This is most clearly defined in the famous "tundish" scene from Portrait:
It was too late to go upstairs to the French class. He crossed the hall and took the corridor to the left which led to the physics theatre. The corridor was dark and silent but not unwatchful. Why did he feel that it was not unwatchful? Was it because he had heard that in Buck Whaley's time there was a secret staircase there? Or was the jesuit house extra-territorial and was he walking among aliens? The Ireland of Tone and of Parnell seemed to have receded in space.He opened the door of the theatre and halted in the chilly grey light that struggled through the dusty windows. A figure was crouching before the large grate and by its leanness and greyness he knew that it was the dean of studies lighting the fire. Stephen closed the door quietly and approached the fireplace.

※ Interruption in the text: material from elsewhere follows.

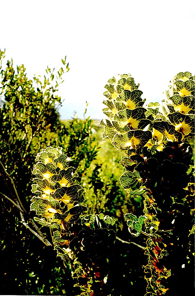 The night was windy with a little bit of rain, and we awoke to a very windy morning. We left our car park spot and drove to the outskirts of the Fitzgerald River National Park and had our breakfast there overlooking the Culham Inlet. We saw a large bird of prey above us and had a look at the beach there. We then drove into Fitzgerald River National Park and down to Barrens beach, a dear little cove, it was very hot in the van but a very strong wind so we didn't stay long on the beach. We continued into Fitzgerald River National Park with spectacular views, particularly as we climbed higher and looked back over the coastline and also some interesting and different plants. Different sorts of banksias and eucalypts, and some very strange plants - there are a lot of plants which are only in this park.

-- Good morning, sir! Can I help you?
The priest looked up quickly and said:
-- One moment now, Mr Dedalus, and you will see. There is an art in lighting a fire. We have the liberal arts and we have the useful arts. This is one of the useful arts.
-- I will try to learn it, said Stephen.
-- Not too much coal, said the dean, working briskly at his task, that is one of the secrets.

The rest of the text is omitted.